Provided material:

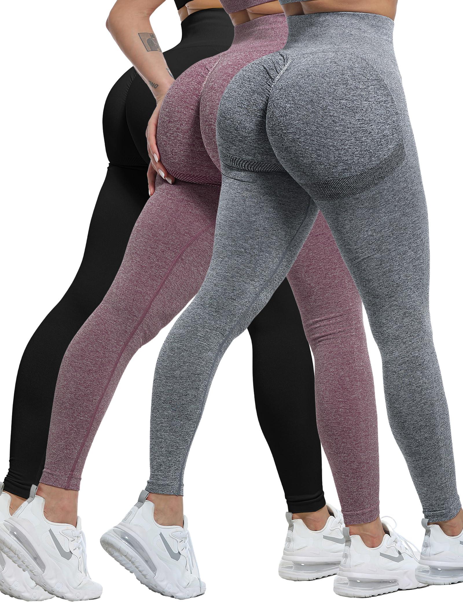 ✔ SEAMLESS HIGH WAISTED LEGGINGS - are what you’ve been waiting for, Their flattering fit and contouring ruched detail to the bum meet with a supportive and supple seamless fabric to advance your performance, Features compression in targeted areas that gently smooths and sculpts the backside and legs for a feminine, shapely look
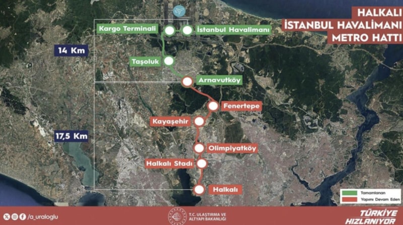 14 kilometrelik yeni metro hattı, Arnavutköy’den İstanbul Havalimanı Hattı ile birlikte bu hattın devamı olan Halkalı-Kayaşehir-İstanbul Havalimanı Kesimi’nin tünelleri ile birlikte tamamlandı.
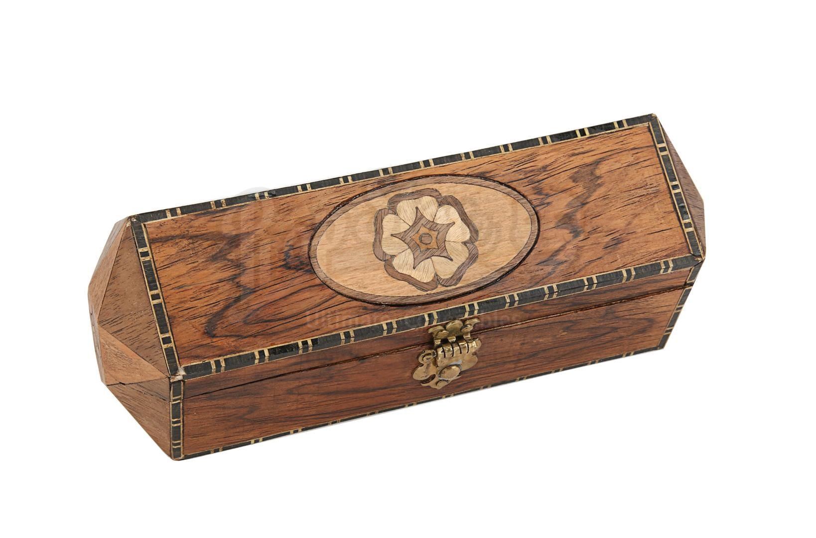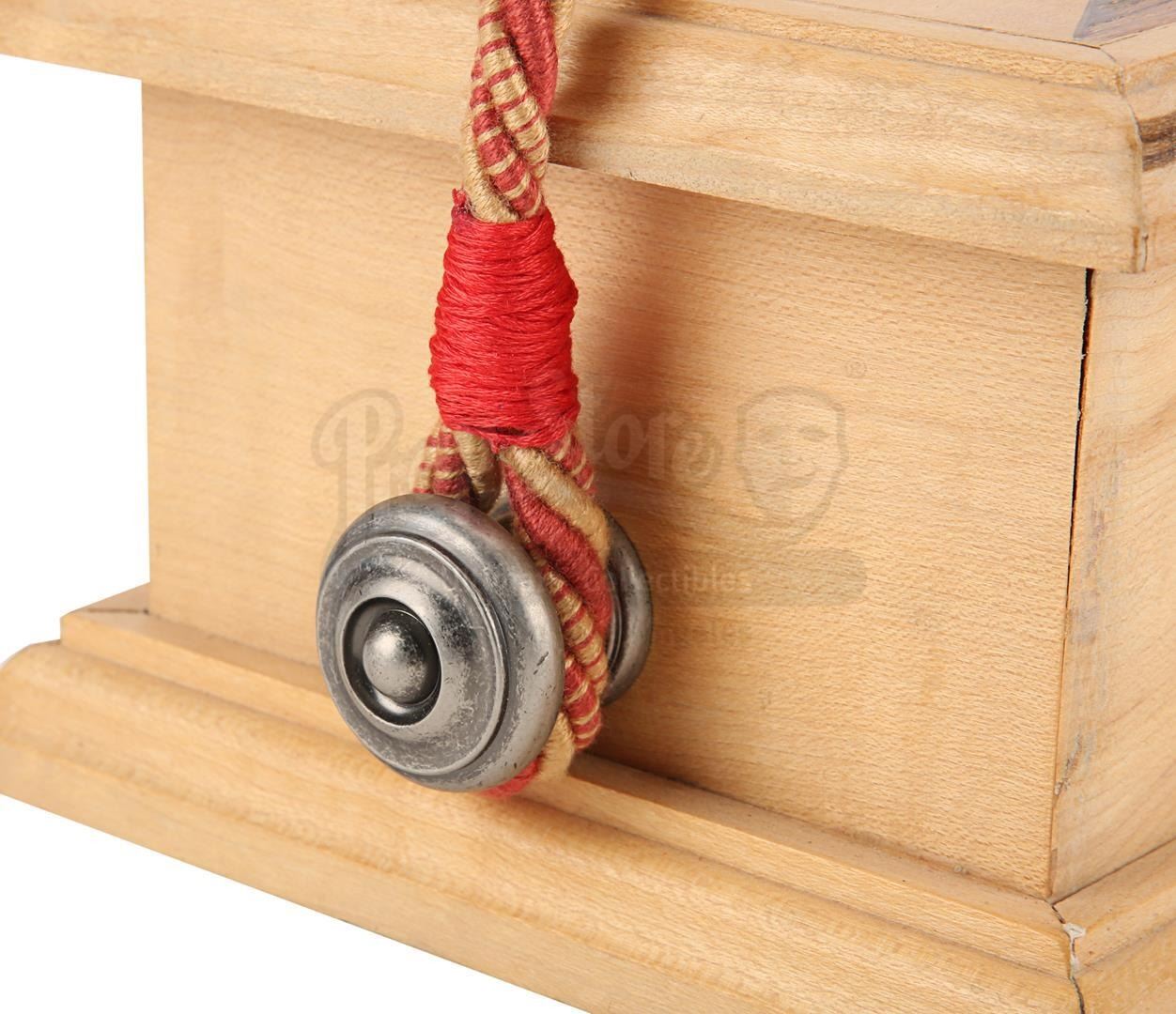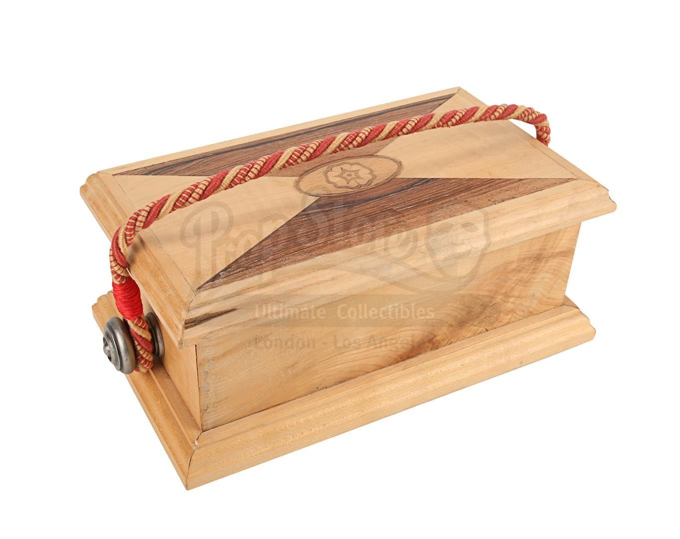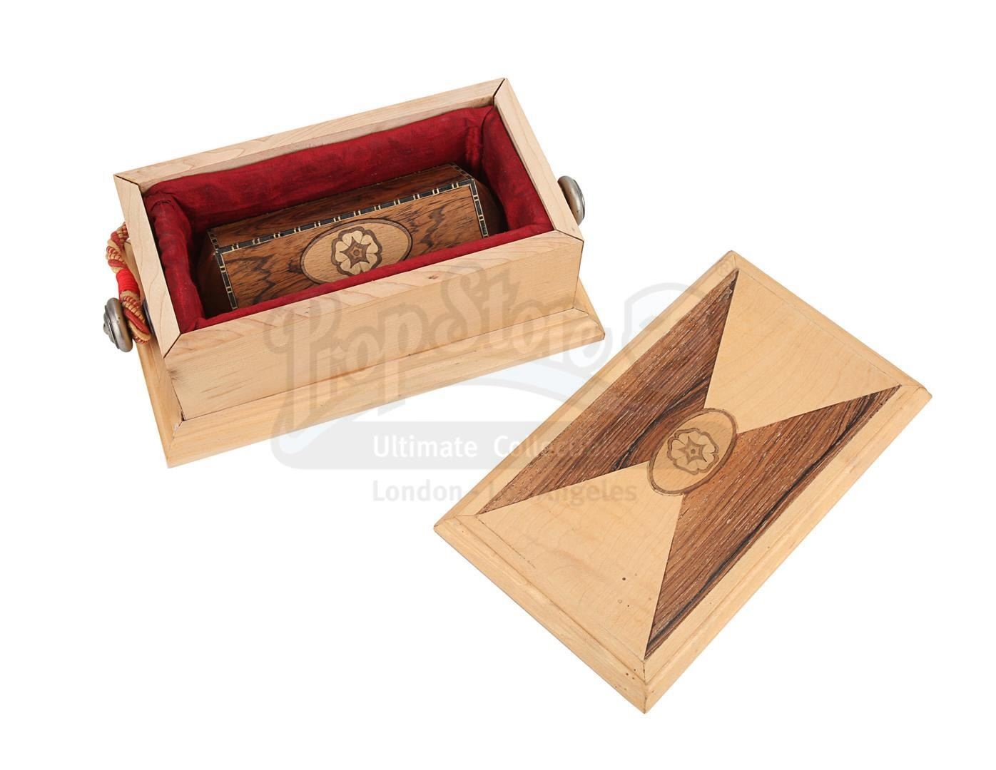 Both items are presented in a larger rectangular wooden presentation box, finished in light-coloured staining, with the same rose emblem adorning the top of the lid. This box was made when the cryptex was gifted to a senior crew member at the end of the production. Minor signs of wear are present on the marble-like finish, some of the dials are easier to twist than others, and there is minor damage to some of the corners on the rosewood box. This lot is delicate and should be handled with care. Dimensions (cryptex): 5 cm x 14 cm x 5 cm (2" x 5 1/2" x 2"); (rosewood box): 7 cm x 16.5 cm x 6 cm (2 3/4" x 6 1/2" x 2 1/2"); (large box): 26 cm x 14 cm x 11 cm (10 1/4" x 5 1/2" x 4 1/4")

To do: From the first line to the last, retype the data exactly, without images.

Written response:
 ✔ SEAMLESS HIGH WAISTED LEGGINGS - are what you’ve been waiting for, Their flattering fit and contouring ruched detail to the bum meet with a supportive and supple seamless fabric to advance your performance, Features compression in targeted areas that gently smooths and sculpts the backside and legs for a feminine, shapely look
 14 kilometrelik yeni metro hattı, Arnavutköy’den İstanbul Havalimanı Hattı ile birlikte bu hattın devamı olan Halkalı-Kayaşehir-İstanbul Havalimanı Kesimi’nin tünelleri ile birlikte tamamlandı.
 Both items are presented in a larger rectangular wooden presentation box, finished in light-coloured staining, with the same rose emblem adorning the top of the lid. This box was made when the cryptex was gifted to a senior crew member at the end of the production. Minor signs of wear are present on the marble-like finish, some of the dials are easier to twist than others, and there is minor damage to some of the corners on the rosewood box. This lot is delicate and should be handled with care. Dimensions (cryptex): 5 cm x 14 cm x 5 cm (2" x 5 1/2" x 2"); (rosewood box): 7 cm x 16.5 cm x 6 cm (2 3/4" x 6 1/2" x 2 1/2"); (large box): 26 cm x 14 cm x 11 cm (10 1/4" x 5 1/2" x 4 1/4")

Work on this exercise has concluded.